In [None]:
import numpy as np
import pandas as pd

In [None]:
meta_data = pd.read_csv('../input/training_set_metadata.csv')
test_meta_data = pd.read_csv('../input/test_set_metadata.csv')

In [None]:
classes = np.unique(meta_data['target'])
classes_all = np.hstack([classes, [99]])

# create a dictionary {class : index} to map class number with the index 
# (index will be used for submission columns like 0, 1, 2 ... 14)
target_map = {j:i for i, j in enumerate(classes_all)}

# create 'target_id' column to map with 'target' classes
target_ids = [target_map[i] for i in meta_data['target']]
meta_data['target_id'] = target_ids

In [None]:
# Build the flat probability arrays for both the galactic and extragalactic groups
galactic_cut = meta_data['hostgal_specz'] == 0
galactic_data = meta_data[galactic_cut]
extragalactic_data = meta_data[~galactic_cut]

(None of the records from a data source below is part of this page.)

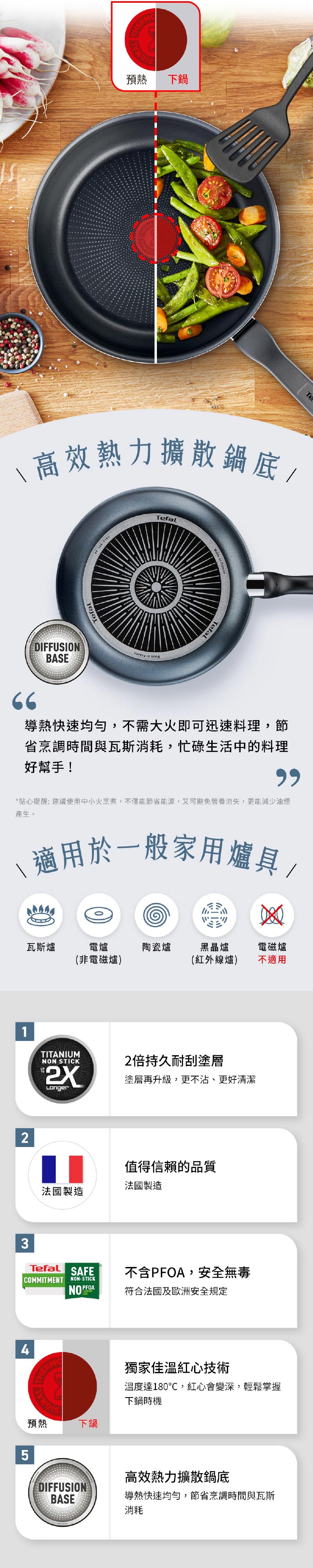 4.特福不沾鍋因鍋底設計具有高傳熱功能,建議用中小火烹調即可,節省能源又可避免營養流失,更能減少油煙的產生。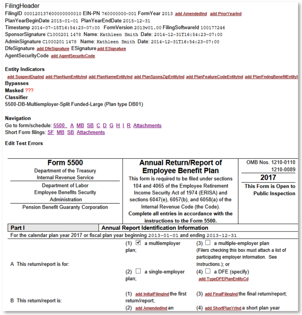 By the time we put together the DER, I was fully XML-savvy. I developed XSLT programs to automate the assembly of the DER, which is over 1000 pages of data element requirements that are updated every year. Not only that, I used another Altova tool called Stylevision to create editable XML forms formatted to look like the printed EFAST2 forms, that validate the entered data against both the rules of the XSD and about 300 edit test rules implemented in XSLT. These rules are used by MPR to check the edit tests and annual form changes. Those rules are the same as the ones implemented by EFAST2 in production. They have to be, since we define them for the contractor. In fact, when a filer submits the filing, the system checks it against those rules in real time and returns a list of errors, if any. In that case the filer must fix and resubmit.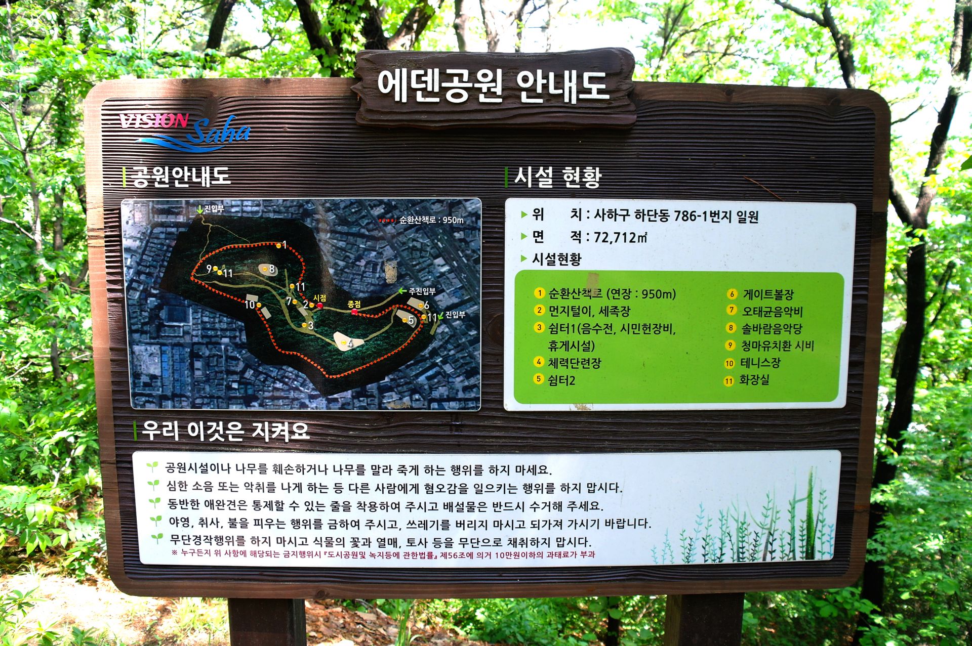 사하구 하단동에 위치한 에덴공원은 도심속 공원으로 시민들에게 사랑받고 있습니다.

galactic_classes = np.unique(galactic_data['target_id'])
extragalactic_classes = np.unique(extragalactic_data['target_id'])

galactic_classes = np.append(galactic_classes, 14)
extragalactic_classes = np.append(extragalactic_classes, 14)

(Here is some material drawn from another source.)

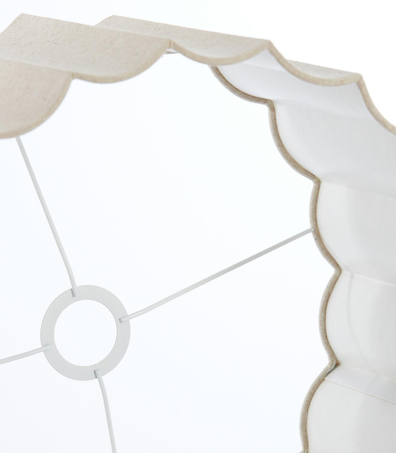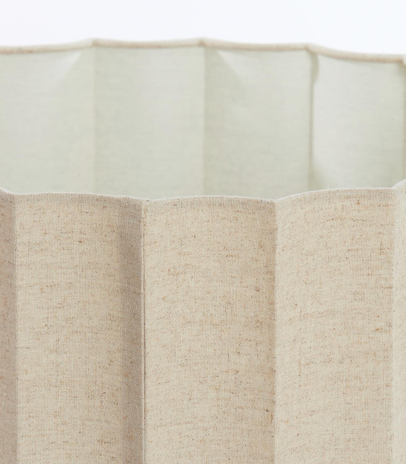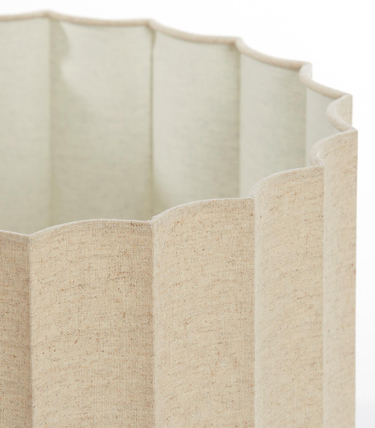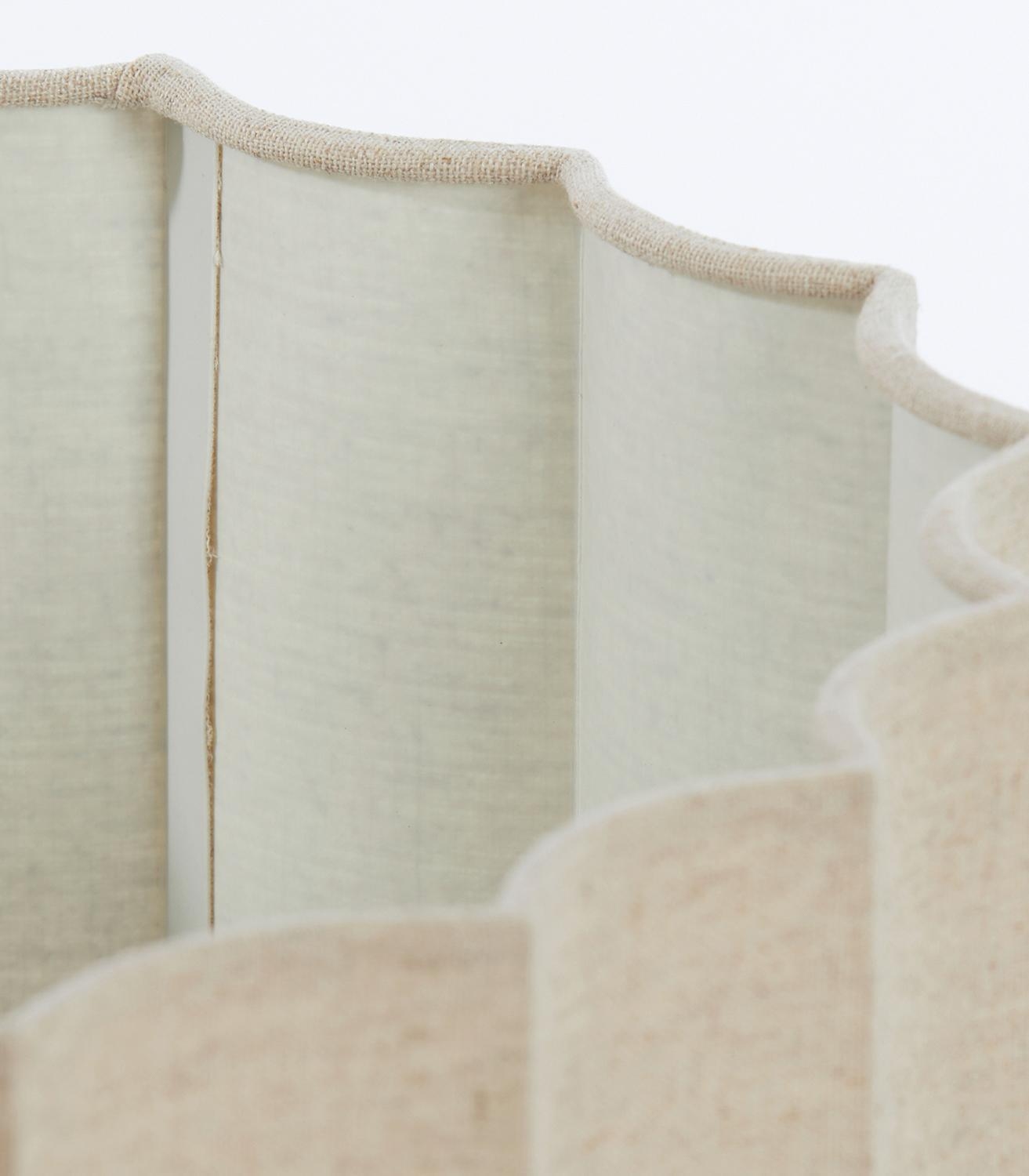 Der Lampenschirm DISLI der Marke Light & Living wird aus Textil in der Farbe Beige gefertigt und verfügt über ein wellenförmiges Muster. Dieser Textilschirm besitzt einen Durchmesser von 35 cm sowie eine Höhe von 22 cm. Die Lieferung erfolgt ohne Lampenfuß und ohne Fassung. Aufgrund der neutralen Farbgebung und der strukturierten Oberfläche kann dieser Lampenschirm vielseitig mit unterschiedlichen Gestellen kombiniert werden.

Weights are taken from this kernel: https://www.kaggle.com/ganfear/calculate-exact-class-weights

which is based on this discussion: https://www.kaggle.com/c/PLAsTiCC-2018/discussion/67194

In [None]:
# Flat probabilities for Milky Way galaxy
galactic_probabilities = np.zeros(15)
for x in galactic_classes:
    if(x == 14):
        galactic_probabilities[x] = 2.00241/7.00657
        continue
    if(x == 5):
        galactic_probabilities[x] = 1.00000/7.00657
        continue
    galactic_probabilities[x] = 1.00104/7.00657

In [None]:
# Weighted probabilities for Extra Galaxies
extragalactic_probabilities = np.zeros(15)
for x in extragalactic_classes:
    if(x == 14):
        extragalactic_probabilities[x] = 2.00241/13.01868
        continue
    if(x == 1):
        extragalactic_probabilities[x] = 2.00189/13.01868
        continue
    if(x == 7):
        extragalactic_probabilities[x] = 2.00710/13.01868
        continue
    extragalactic_probabilities[x] = 1.00104/13.01868

In [None]:
# Apply this prediction to a table
import tqdm
def do_prediction(table):
    probs = []
    for index, row in tqdm.tqdm(table.iterrows(), total=len(table)):
        if row['hostgal_photoz'] == 0:
            prob = galactic_probabilities
        else:
            prob = extragalactic_probabilities
        probs.append(prob)
    return np.array(probs)

pred = do_prediction(meta_data)
test_pred = do_prediction(test_meta_data)

In [None]:
test_df = pd.DataFrame(index=test_meta_data['object_id'], data=test_pred, columns=['class_%d' % i for i in classes_all])
test_df.to_csv('./naive_benchmark3.csv')